INDUSTRY.co.id - Jakarta – PT Krama Yudha Tiga Berlian Motors (KTB) mempercepat pengembangan ekosistem kendaraan niaga listrik di Indonesia melalui penyerahan satu unit Mitsubishi Fuso eCanter kepada PT Fastana Logistik Indonesia (FLI) dalam ajang GAIKINDO Indonesia International Auto Show (GIIAS) 2026. Langkah ini menjadi bagian dari upaya mendorong transformasi sektor logistik menuju transportasi rendah emisi dan berkelanjutan.
Penyerahan eCanter tersebut menandai penguatan komitmen Mitsubishi Fuso dalam mendukung peta jalan pemerintah menuju sistem transportasi yang lebih modern, efisien, dan ramah lingkungan, seiring meningkatnya kebutuhan distribusi perkotaan yang mengedepankan konsep green logistics.
Sales and Marketing Director PT Krama Yudha Tiga Berlian Motors Aji Jaya mengatakan, Fuso eCanter merupakan pelopor truk listrik pertama di Indonesia yang telah diperkenalkan sejak 2024.

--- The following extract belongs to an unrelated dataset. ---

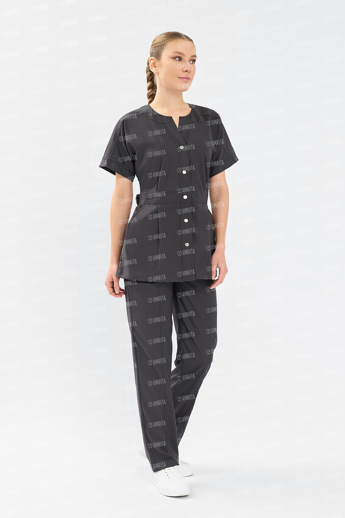 В основе дизайна — приталенный силуэт, который деликатно акцентирован регулируемым поясом-хлястиком на талии. Элегантный воротник-стойка с V-образным вырезом формирует утонченную линию шеи, а кокетка на плечах задает строгую геометрию верха. Мягкие складки от пояса добавляют образу легкости, а боковые карманы, скрытые в швах, поддерживают функциональность модели.

“Sejak itu, KTB memastikan ekosistem yang mendukung operasional, mulai dari kesiapan EV mobile charger hingga layanan purna jual untuk memberikan ketenangan bagi konsumen dalam mengoperasikan kendaraan listrik,” kata Aji.
Fuso eCanter yang diserahkan kepada FLI menggunakan baterai ukuran M berkapasitas 83 kWh, memiliki jarak tempuh hingga 140 kilometer, serta gross vehicle weight (GVW) 6 ton. Truk listrik ini memiliki wheelbase 3,4 meter dan torsi 430 Nm yang dirancang untuk mendukung distribusi barang dengan volume muatan yang besar.
Selain itu, eCanter dibekali teknologi eAxle yang mengintegrasikan gardan, transmisi, motor, dan inverter dalam satu sistem, sehingga perawatan kendaraan menjadi lebih sederhana dan efisien.
PT Fastana Logistik Indonesia yang bergerak di bidang jasa logistik nasional menilai eCanter sebagai solusi yang sesuai untuk operasional distribusi perkotaan yang memiliki rute terencana dan intensitas tinggi.
Direktur PT Fastana Logistik Indonesia Subagyo Raharjo mengatakan perusahaan telah mengoperasikan lebih dari 400 unit armada Mitsubishi Fuso, sehingga pengalaman terhadap keandalan kendaraan dan layanan purna jual menjadi faktor utama dalam keputusan mengadopsi truk listrik tersebut.
“Selama bertahun-tahun kami mempercayakan armada operasional kepada Mitsubishi Fuso karena keandalan kendaraan serta dukungan layanan purna jualnya. Melalui eCanter, kami optimistis dapat memulai langkah menuju operasional logistik yang lebih berkelanjutan,” ujarnya.
Untuk mendukung operasional kendaraan listrik, Mitsubishi Fuso menyiapkan layanan purna jual khusus melalui tiga diler resmi di wilayah JABODETABEK. Fasilitas tersebut dilengkapi alat pemeriksaan kondisi baterai Xentry, EV Mobile Charger berkapasitas 65 kWh dengan kecepatan pengisian daya 60 kW, serta teknisi bersertifikasi kendaraan listrik.
KTB menyatakan dukungan tersebut merupakan bagian dari komitmen Zero Down Time, yakni memastikan armada pelanggan dapat beroperasi secara optimal dengan dukungan layanan yang cepat dan andal.
Pengembangan ekosistem eCanter diharapkan dapat mempercepat adopsi kendaraan niaga listrik di sektor logistik nasional sekaligus mendukung target pengurangan emisi karbon di sektor transportasi Indonesia.